* SUPPLIED INFORMATION *
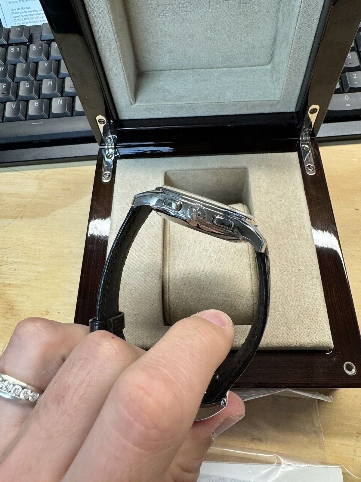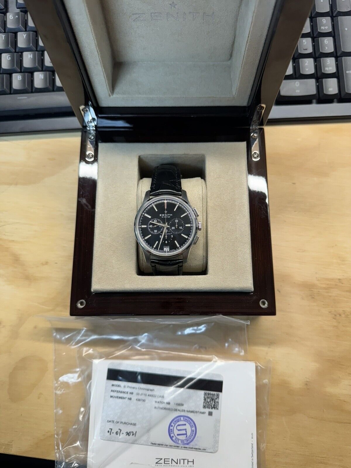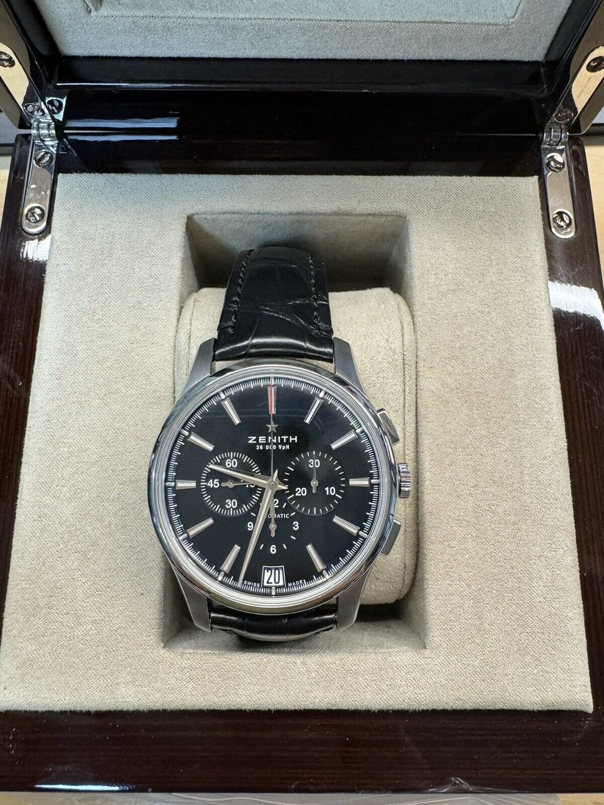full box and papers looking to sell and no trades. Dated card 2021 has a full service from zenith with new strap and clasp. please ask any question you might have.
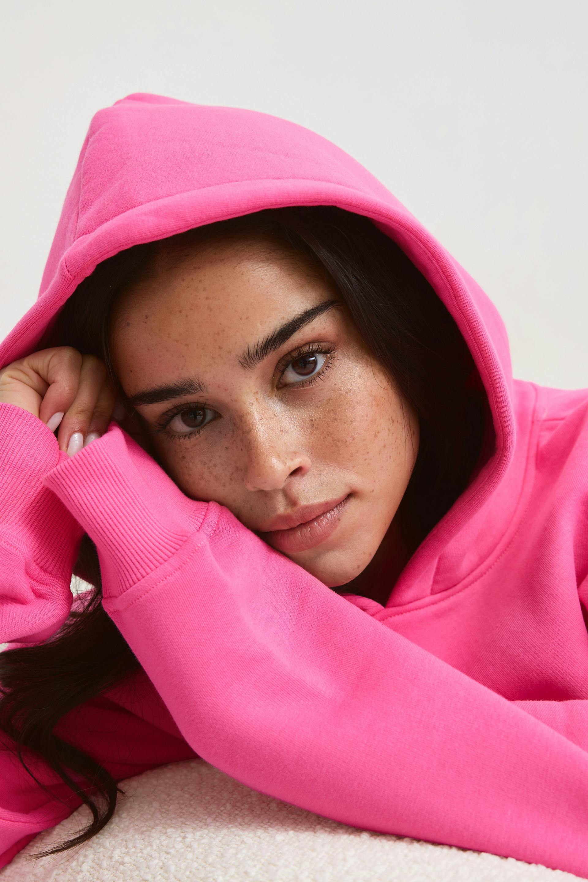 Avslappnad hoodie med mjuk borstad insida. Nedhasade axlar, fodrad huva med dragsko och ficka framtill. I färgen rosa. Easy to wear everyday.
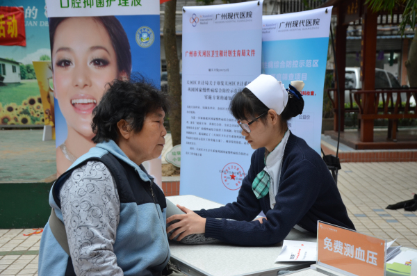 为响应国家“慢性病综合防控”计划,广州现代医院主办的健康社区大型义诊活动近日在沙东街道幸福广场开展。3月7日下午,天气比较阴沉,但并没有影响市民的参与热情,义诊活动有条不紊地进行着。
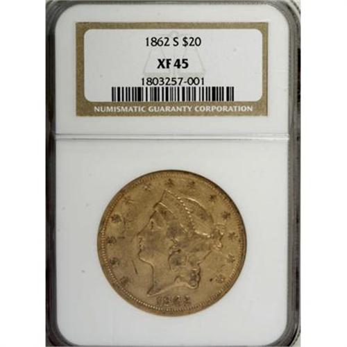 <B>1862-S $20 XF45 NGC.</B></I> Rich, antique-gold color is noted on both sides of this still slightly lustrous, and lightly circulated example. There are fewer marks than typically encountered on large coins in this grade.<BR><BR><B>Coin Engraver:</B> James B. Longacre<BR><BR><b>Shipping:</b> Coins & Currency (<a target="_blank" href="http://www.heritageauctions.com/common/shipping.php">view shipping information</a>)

* TRY IT *
Repeat the data above exactly, leaving out any pictures it holds.

* COMPLETED TASK *
full box and papers looking to sell and no trades. Dated card 2021 has a full service from zenith with new strap and clasp. please ask any question you might have.
 Avslappnad hoodie med mjuk borstad insida. Nedhasade axlar, fodrad huva med dragsko och ficka framtill. I färgen rosa. Easy to wear everyday.
 为响应国家“慢性病综合防控”计划,广州现代医院主办的健康社区大型义诊活动近日在沙东街道幸福广场开展。3月7日下午,天气比较阴沉,但并没有影响市民的参与热情,义诊活动有条不紊地进行着。
 <B>1862-S $20 XF45 NGC.</B></I> Rich, antique-gold color is noted on both sides of this still slightly lustrous, and lightly circulated example. There are fewer marks than typically encountered on large coins in this grade.<BR><BR><B>Coin Engraver:</B> James B. Longacre<BR><BR><b>Shipping:</b> Coins & Currency (<a target="_blank" href="http://www.heritageauctions.com/common/shipping.php">view shipping information</a>)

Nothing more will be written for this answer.